I began working at Notre Dame that summer, and my visits to Chicago tapered off somewhat. Everyone remained in close touch by email and phone, however, and I think we did get together for Marilyn's birthday. My last lunch with her and Cheryl was in August, I think.

As that comment reveals, Marilyn did not survive the cancer. Her condition suddenly began to deteriorate in late August,  and while she fought valiantly, by Christmas we all knew that very little time remained. I went to Mobile, Alabama for a business trip and brought her back a Mardi Gras scarf for Christmas, but had to mail it as I couldn't get to town to deliver it in person. Our emails had diminished as Marilyn struggled with each day's challenges. Cheryl relayed updates to me from Joe, and by early January, it seemed that only a few weeks remained for Marilyn. The weekend prior to MLK Day in January of 2007, Cheryl called me and urged me to get to Loyola Medical Center because time was running out. I drove in, collected Cheryl and our dear friend, Sister Kay, and the three of us went to Marilyn's bedside. Marilyn didn't know us and was struggling. Her parents sat by her side, and I will never forget the heartbreak of watching her mother smooth Marilyn's hair. Marilyn died in the early hours of the next day.
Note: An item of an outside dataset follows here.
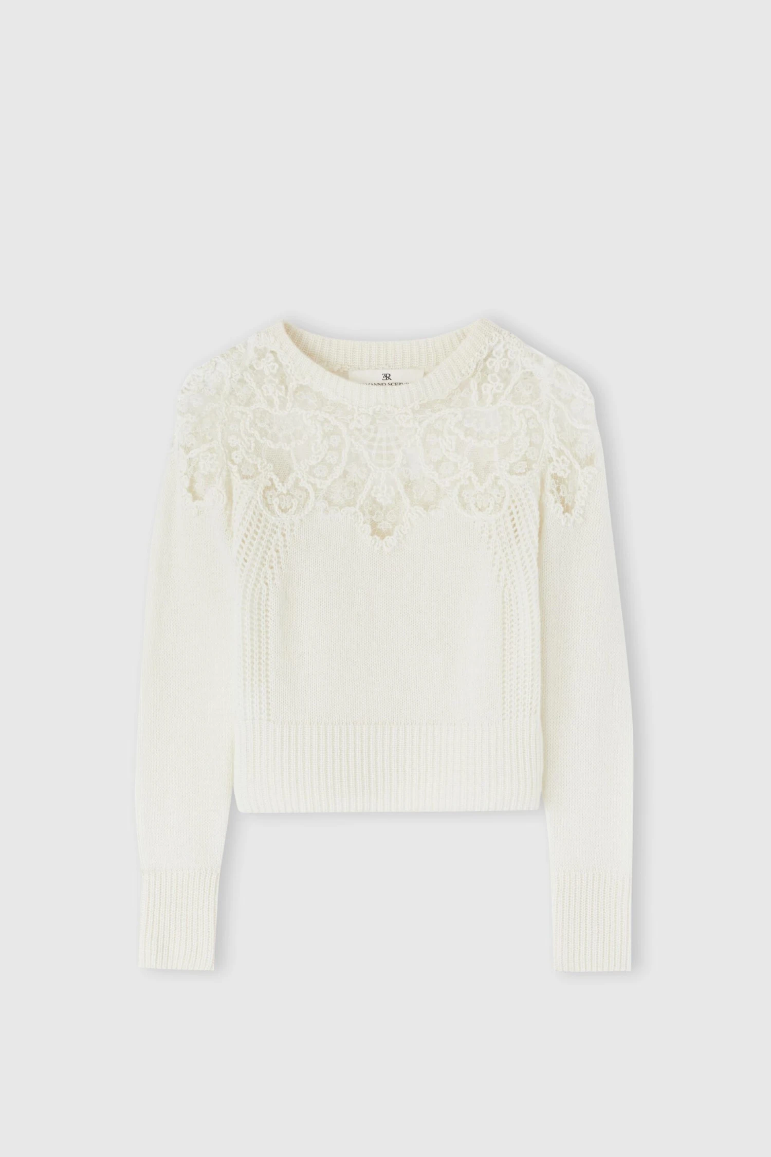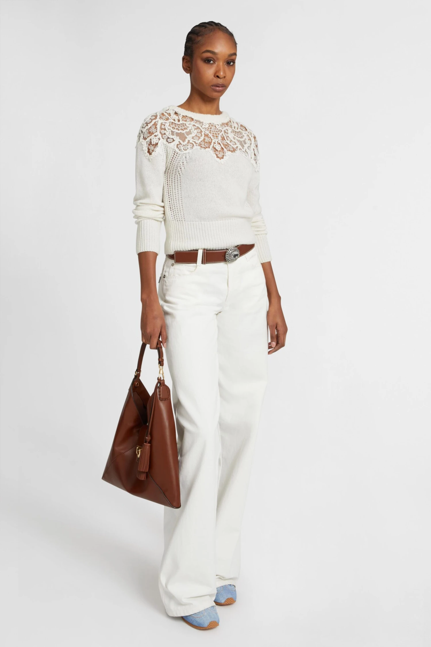 The garment is embellished with an incrustation of rebrode lace in wool, handmade, which develops with discreet elegance on the upper part of the bust, both on the front and on the back. The floral motif of the lace, exclusive to the Ermanno Scervino fashion house, introduces a romantic and refined note, which enhances the linearity of the sweater with a delicate play of textures. The design is completed by two side inserts with micro-holes, positioned along the sides, which give lightness and movement to the silhouette with a sophisticated transparency.

Although I said goodbye to her later that week in Chicago, I haven't really lost her. I often look through my photos from our trips with students to France and Spain (with Cheryl along as the Third Musketeer!) and smile at the places we visited and the things we did. Every time I'm in Paris I think of her and remember how she could just chatter away in French with anyone (she was the French teacher at our school). When my daughter and I were following the Tour de France two years ago, I wished that I could send Marilyn emails about all those adventures in France. Silly though it might be, whenever I have a crepe or pain au chocolat, I think of Marilyn! Cheryl and I never tire of sharing our memories of this dear, dear friend.
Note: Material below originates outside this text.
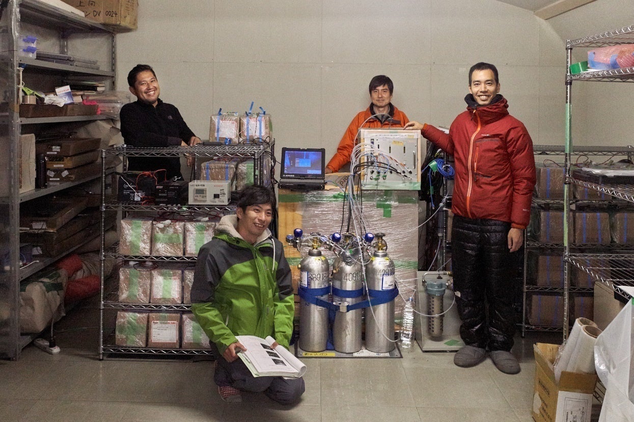 現在、NPO法人富士山測候所を活用する会の尽力により、富士山頂の気候が安定している夏期の2カ月間のみ、富士山頂にある旧富士山測候所に商用電源が供給されます。国立環境研究所は、測候所に商用電源が供給されるわずかな期間に100個のバッテリーを充電し、それらのバッテリーの電力のみで富士山頂の大気中CO2濃度を自動で通年観測できる省電力型のCO2濃度観測装置を作りました。この装置の作成によりCO2濃度観測の空白域であった日本の中緯度のCO2濃度データを取得することに成功しました。

Marilyn taught many, many 'Guerin girls' during her career and cared about each one. I admired her teaching skills so much! Few people have had as much fun living as Marilyn did. Although she hated to fly, she took trip after trip to Europe with her students, and even went island-hopping in the South Pacific with her father, a World War II Marine veteran. She and Cheryl travelled all over the US by train! She loved cooking and decorating and hosting her family and friends. I could never match her for energy, even though I was younger! She was a fount of creativity, always discovering something new to make or do. Her sense of humor and dry wit were legendary. She was so very, very alive.
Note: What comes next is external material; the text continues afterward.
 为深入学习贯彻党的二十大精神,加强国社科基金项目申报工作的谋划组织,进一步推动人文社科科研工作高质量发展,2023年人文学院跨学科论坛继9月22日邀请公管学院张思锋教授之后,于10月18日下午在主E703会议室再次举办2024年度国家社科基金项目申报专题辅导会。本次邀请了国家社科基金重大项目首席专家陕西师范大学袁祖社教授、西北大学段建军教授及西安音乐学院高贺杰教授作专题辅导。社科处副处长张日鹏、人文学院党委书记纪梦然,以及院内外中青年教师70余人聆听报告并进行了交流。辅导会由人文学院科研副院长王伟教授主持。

Though her diagnosis filled us with apprehension and sorrow, Marilyn inspired us all with her courage and refusal to abandon hope. I can hardly believe that ten years have passed since cancer struck her. Writing about her tonight has inspired me to rise up and get back to our kinds of adventures and shenanigans, so that I might leave behind such memories, too. (And I'll continue to wear that Mardi Gras scarf, which Joe gave me after the funeral, to celebrate Marilyn's joie de vivre.)